Jim Casey, EPA’s local representative, said the local government has taken steps to comply with federal mandates in the last few years, and the result has been a decrease in fires and more controlled management of the landfill. As far as the nearby residents, Casey said both the EPA and the Agency for Toxic Substances "are working together with the Bovoni community on a tangible plan of environmental awareness and training."
Yet members of the Bovoni Homeowners Association say they have not been contacted about such a plan and, in fact, have been trying for more than a year to set up an educational program with EPA to no avail.

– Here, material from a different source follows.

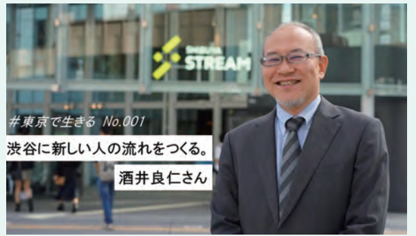
# 東京で生きる No.001

"We’ve been trying to have Jim Casey come out here and talk to us, but haven’t had any success," Rivera said. She said that’s why the association contacted the Agency for Toxic Substances last fall and talked with officials in a conference call in October 2003. That call included Casey and a representative of the local Health Department. At the end of the call, both the EPA and the Health Department agreed to distribute a health survey to Bovoni homeowners and to contact local doctors and clinics in St. Thomas. None of that has been done.
Rivera said the association asked for help from the federal government after repeated requests for assistance went ignored by the local government.
"That dump has been here for more than 25 years, and since the beginning, when they told us it would be ‘temporary’ until they could find a permanent location, we’ve been getting promises and promises," she said. "We were promised the tires would be shredded over a year ago when the V.I. government told us they would be getting a contract – they keep delaying that. The same [story] with the vehicles, with that program on hold and more cars pile up closer to the main road. Nothing has been constructed, not even the fence they promised years ago. Only in the last year or so have the batteries been removed. So it’s been almost 30 years, and only that has been done – nothing else. The landfill only gets worse."